2.4.2. Characteristics
o Each Media Stream is identified by a unique Synchronization source
(SSRC) [RFC3550] that is carried in every RTP and Real-time
Transport Control Protocol (RTCP) packet header.
o At any given point, an Media Stream can have one and only SSRC.
o Each Media Stream defines a unique RTP sequence numbering and
timing space.
o Several Media Streams could potentially map to a single Media
Source via the source transformations (See Section 3.3).
o Several Media Streams can be carried over a single RTP Session.
2.5. Media Provider
Lennox, et al. Expires January 16, 2014 [Page 6]

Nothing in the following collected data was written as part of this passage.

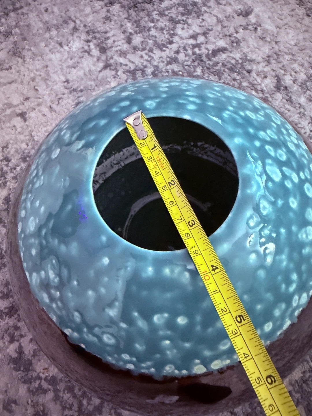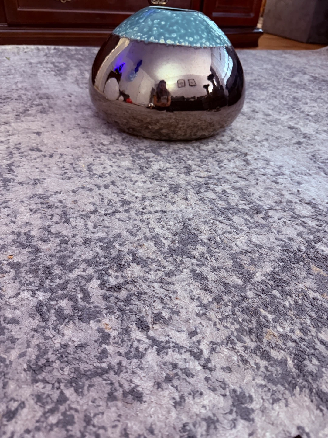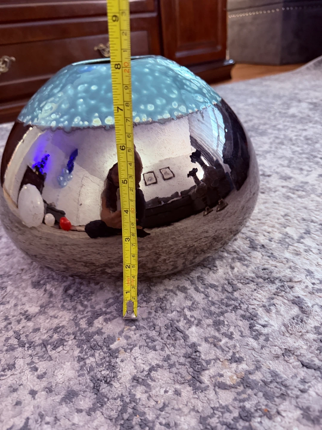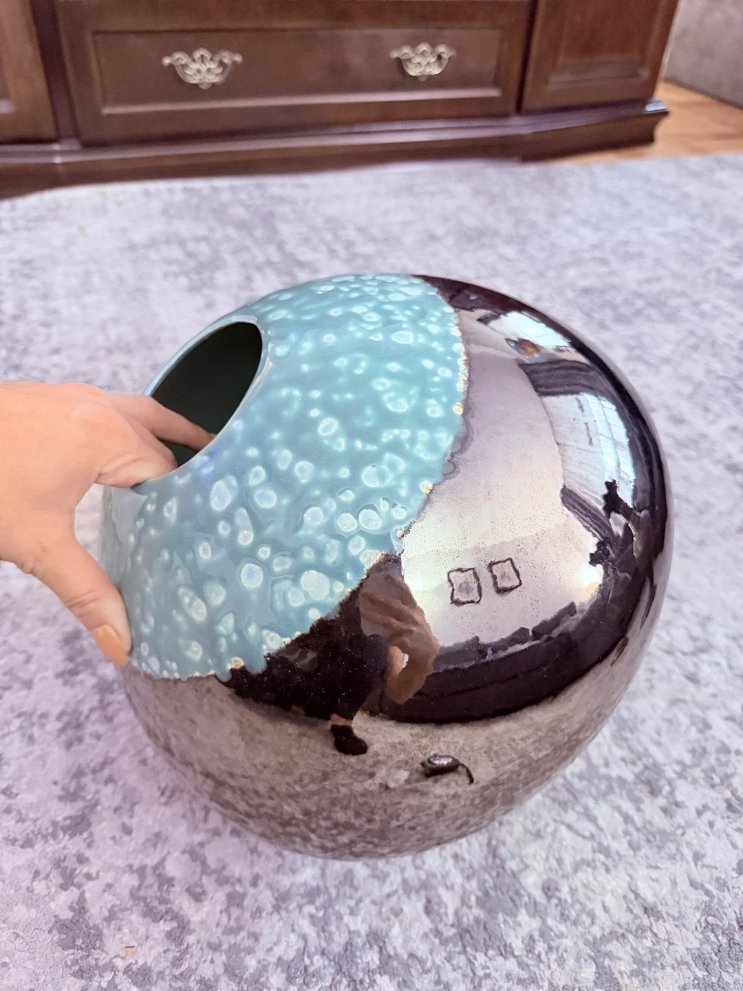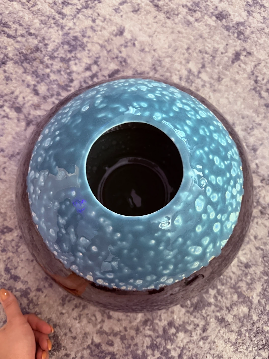Selling a beautiful handmade vase from Euroline, crafted in Sri Lanka! It has a unique design with a glossy, reflective bottom and a textured, light blue top. The vase is about 9 inches tall
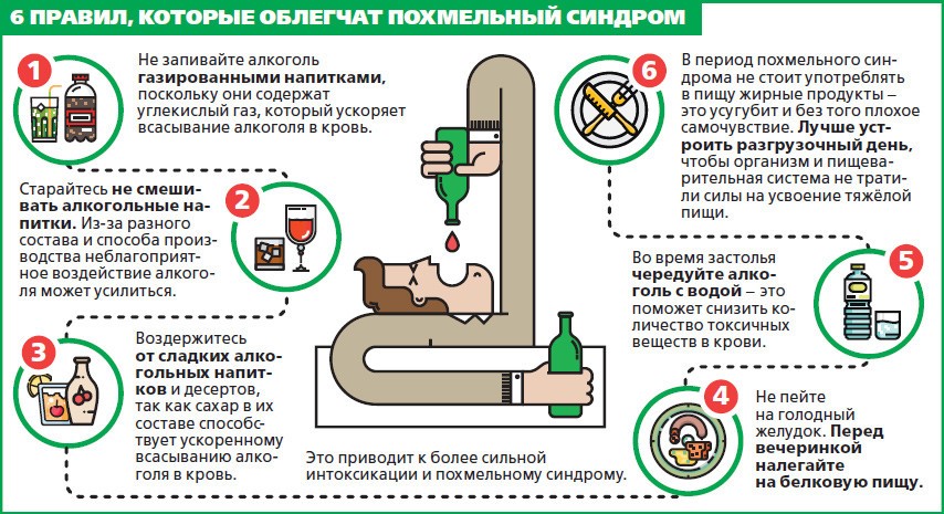 Отмечу, что эти советы могут усилить похмелье. Но это опасно, если вы выпьете много. А раз уж есть что пить, то зачем их использовать? Если Алкоголя мало, то похмелье априори будет минимальным..
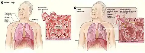 Chronic obstructive pulmonary disease (COPD) is a type of obstructive lung disease characterized by long-term breathing problems and poor airflow.[1][8] The main symptoms include shortness of breath and cough with sputum production.[1] COPD is a progressive disease, meaning it typically worsens over time.[9] Eventually, everyday activities such as walking or getting dressed become difficult.[3] Chronic bronchitis and emphysema are older terms used for different types of COPD.[10][11][12] The term "chronic bronchitis" is still used to define a productive cough that is present for at least three months each year for two years.[1] Those with such a cough are at a greater risk of developing COPD.[13] The term "emphysema" is also used for the abnormal presence of air or other gas within tissues.[14]
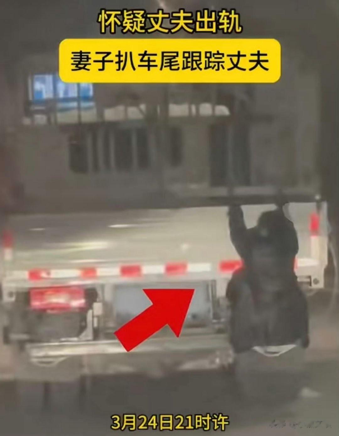 事件概括2026年3月24日在新疆喀什,一女子因为怀疑自己开货车的丈夫有出轨的嫌疑。在晚上丈夫准备出车的时候,偷偷地扒在货车车尾。
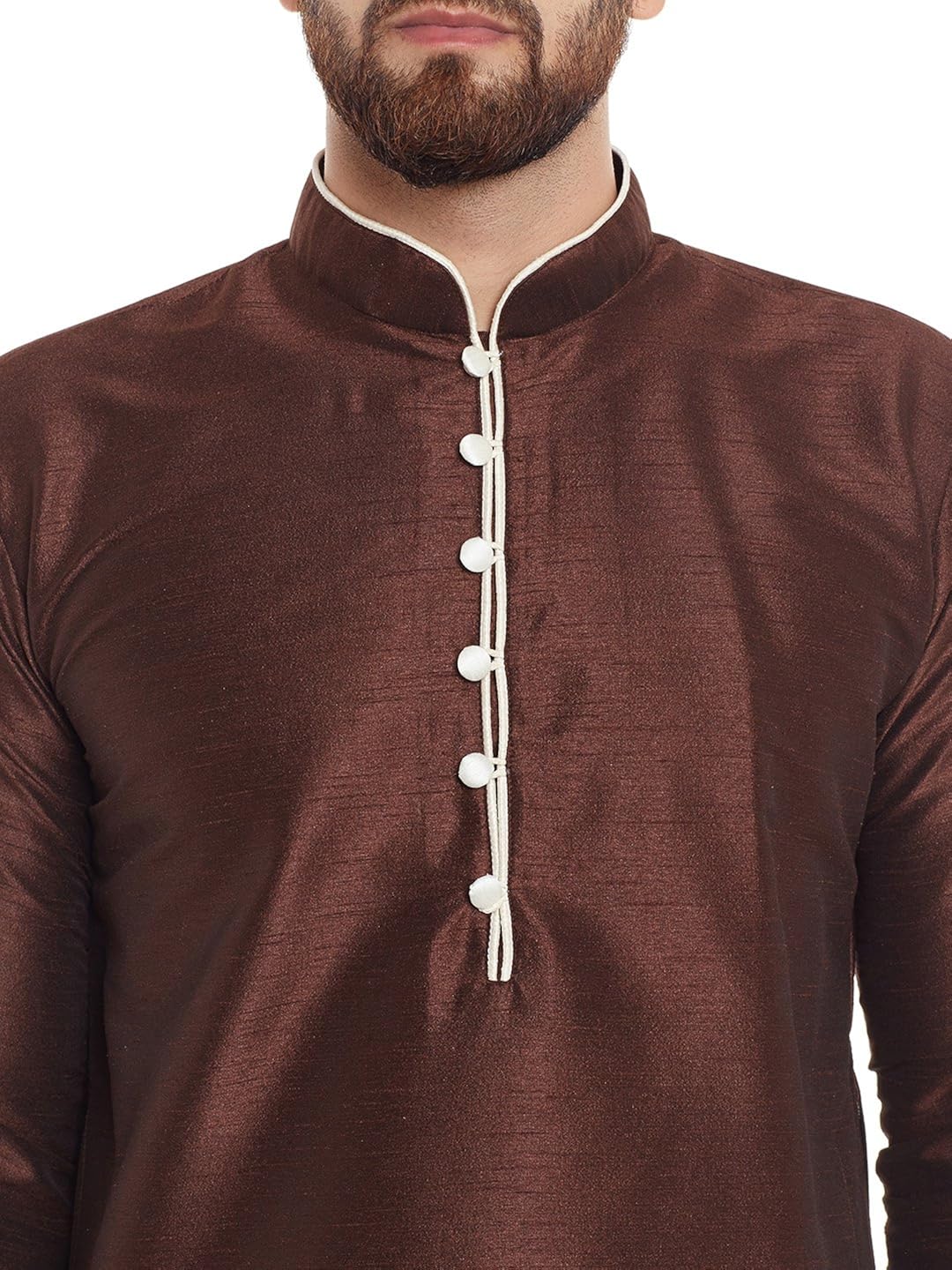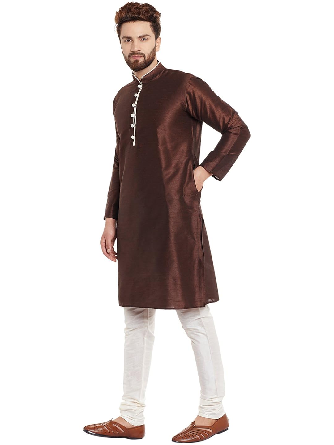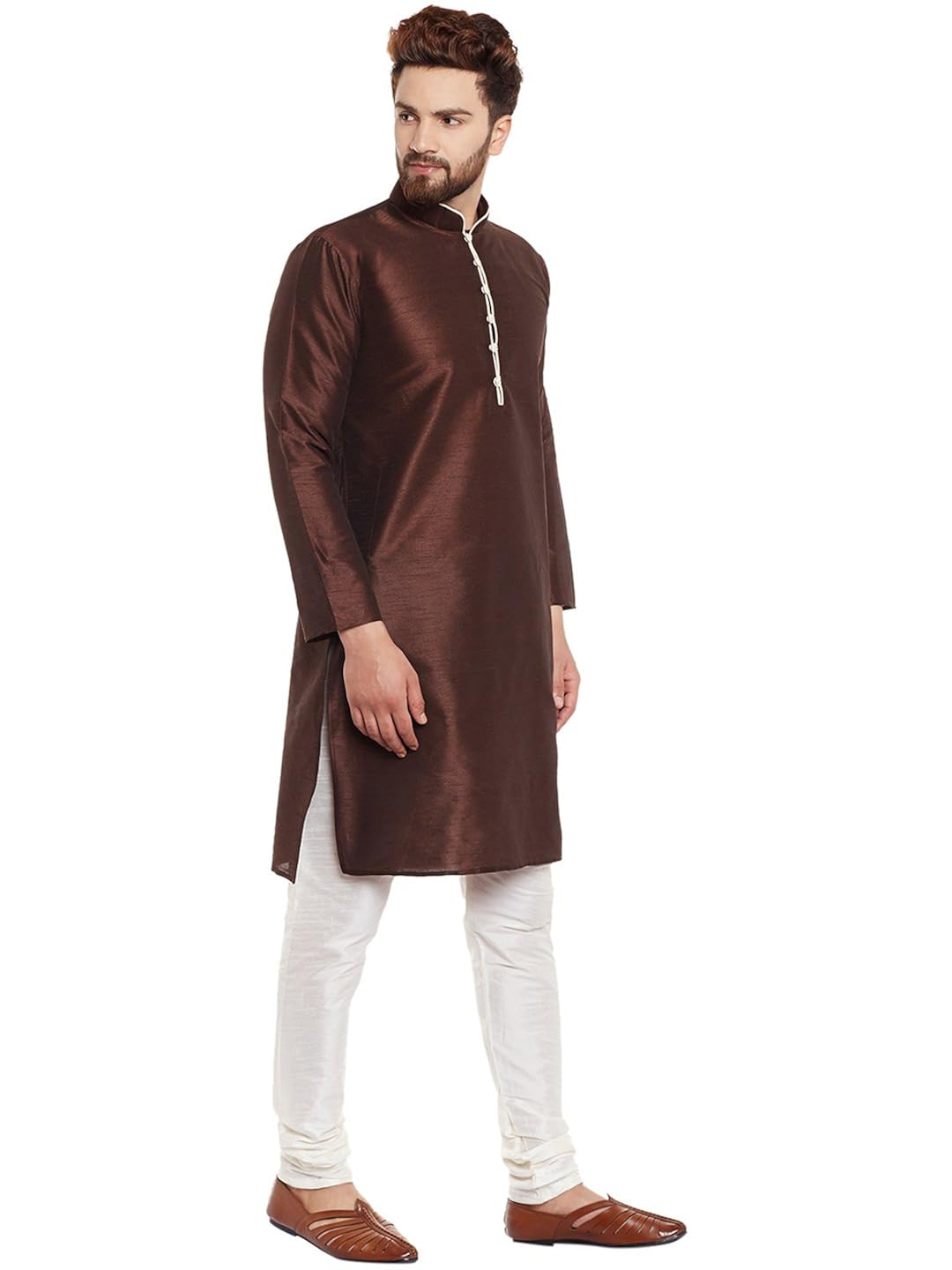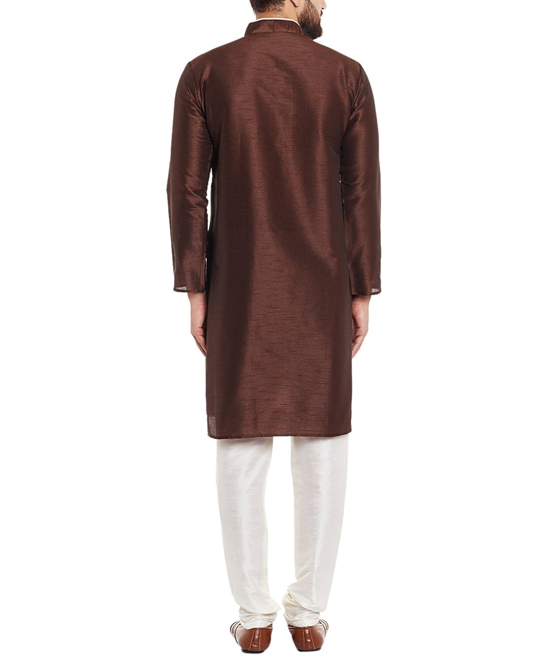 SOJANYA as a brand brings you quality and affordability. In market since 1958, we take pride in our commitment to maintain quality standards in each piece manufactured by us. Look your ethnic best wearing this Brown coloured kurta and Off-white pyjama set for men from the fashion house of Sojanya. Made from dupion silk, this regular-fit kurta pyjama set comprises a full-sleeved kurta and pyjama to complete your look. Team this outfit with embroidered mojris and rock the party that you attend. |

Internet-Draft RTP Grouping Taxonomy July 2013
A Media Provider is a logical component within the RTP Stack that is
responsible for encoding the media data from one or more Media
Sources to generate RTP Payload for the outbound Media Streams.
2.5.1. Alternate Usages
Within the SDP usage, an m=line describes the necessary configuration
required for encoding purposes.
CLUE's "Capture Encoding" provides specific encoding configuration
for this purpose.
WebRTC WG uses the term "RtcMediaStreamTrack" to qualify as source of
the media data that is encoded via the Media Provider.
2.5.2. Characteristics
o A Media Source can be multiply encoded by a given Media Provider
on-the-fly by allowing various encoded representations.
2.6. RTP Session
An RTP session is an association among a group of participants
communicating with RTP. It is a group communications channel which
can potentially carry a number of Media Streams. Within an RTP
session, every participant finds out meta-data and control
information (over RTCP) about all the Media Streams in the RTP
session. The bandwidth of the RTCP control channel is shared within
an RTP Session.
2.6.1. Alternate Usages
Within the context of SDP a singe m=line can map to a single RTP
Session or multiple m=lines can map to a single RTP Session. The
latter is enabled via multiplexing schemes such as BUNDLE
[I-D.ietf-mmusic-sdp-bundle-negotiation], for example, that allows
mapping of multiple m=lines to a single RTP Session.
2.6.2. Characteristics
o Typically an RTP Session can carry one ore more Media Streams, the
latter is also termed "SSRC Multiplexing".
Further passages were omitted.